Stuffy again. I sit up and straddle him—tear the buttons off his crisp white formal shirt—oh, yes I do—because I want him off guard, you see—I want him to act and sound like a man making ferocious love to his wife—I want him to let slip something he’d never slip otherwise. His pale hair bristles against the white sheets. His hands find my hips. His eyes shut tight against the sight of Ruth Macallister wearing nothing but her creamy satin slip.

“God, yes, yes! More!” I howl. I roll him on top of me—not an easy feat, he weighs a ton—and draw the covers back up.

“What’s in it for you?” I whisper. “Why all this trouble for a housewife and her kids?”

“Not now!” he hisses back.

“Yes, now! Or I’ll—”

And I guess I’ll never know whether he does what he does next for my sake, for himself, or for the United States of America. Does it matter?
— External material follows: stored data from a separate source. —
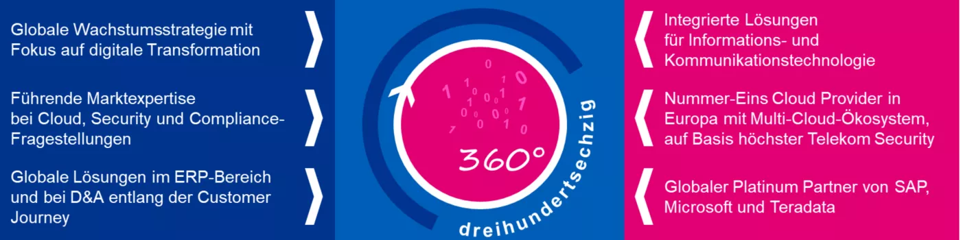 Telekom is one of the most important cloud providers in Europe and contributes strong solution expertise in key sectors such as public, retail and banking & insurance. It has an extensive product range, particularly in the areas of ERP and big data. KPMG complements this partnership as a business transformation expert in terms of consulting and implementation support. With innovative solutions, we make it easier for you to access customers and support you in developing and introducing new business models. Together, we bring business challenges and technical possibilities together.
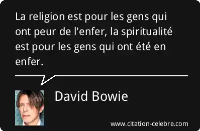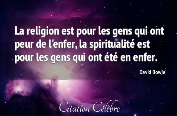 La religion est pour les gens qui ont peur de l'enfer, la spiritualité est pour les gens qui ont été en enfer.
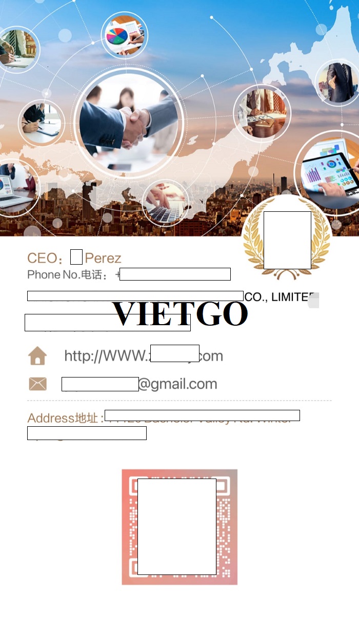 Bà ██████████ Perez - vị khách hàng của VIETGO lần này đại diện mua hàng đến từ Trung Quốc. Hiện tại bà đang làm việc và sinh sống ở Mỹ. Bà là Giám đốc của công ty ██████████ Co, Limited, có trụ sở tại Mỹ và Trung Quốc. Đây là chi nhánh của công ty ██████████. Với trình độ chuyên môn trong lĩnh vực thương mại hàng rời quốc tế, công ty đã nhanh chóng vươn lên trong lĩnh vực thương mại chuyên nghiệp để tìm kiếm sự phát triển và cung cấp các dịch vụ đa dạng cho khách hàng. Công ty có chuỗi cung ứng hàng hóa lớn tại các nước châu Phi, châu Âu và châu Á đồng thời họ cũng khai thác sâu thị trường Trung Quốc.
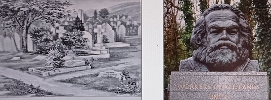 "Das Kapital" und andere Schriften, von denen die Ausstellung alte Drucke und einige Handschriftenproben zeigt, lesen sich alles andere als einfach. Und diejenigen, die sich nach Marx' Tod durch die Texte kämpfen mussten, verstanden unter den Aussagen je nach politischem Standort stets etwas anderes. Gleich am Beginn der Ausstellung begegnen wir Karl Marx als eine Art Übervater mit wallendem Haupthaar und mächtigem Bart. Daneben zwei Bilder von seinem Grab auf dem Highgate Cemetery in London - einmal mit einfacher Inschriftenplatte ohne Kreuz und zum anderen mit einer imposanten Büste und dem Motto auf dem Kommunistischen Manifest "Proletarier aller Länder vereinigt euch". Die Ausstellung zeigt beispielhaft an den Bildern, wie man Karl Marx im 19. Jahrhundert sah und wie man ihn später in der kommunsitischen Welt zum "Klassiker des Marxismus-Leninismus" erhob und so wie er auch in Gestalt des Marx-Engels-Denkmals im damaligen Ost-Berlin gefeiert wird.
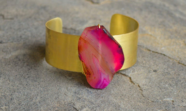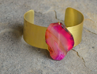 Large magenta agate wire wrapped to 1" wide recycled brass cuff. Standard cuff fits 6.5" - 7". Customization upon request. Every item sold plants a...

He starts with a kiss, a real one. I kiss him back—why not? Down below, he’s just as formidable as you might expect, an advantage he wields so tenderly, so patiently, I fly a little out of my mind at one point and possibly confess a few things you shouldn’t confess to any man, even in bed. Afterward, he carries the caviar into the bedroom and feeds it to me in tiny spoonfuls. Allows me a little vodka to wash it down. Before we sleep, we do it all over again, and I imagine we leave those invisible listeners in no doubt of one thing, anyway, the authenticity of our connection, which might perhaps save our lives—who knows?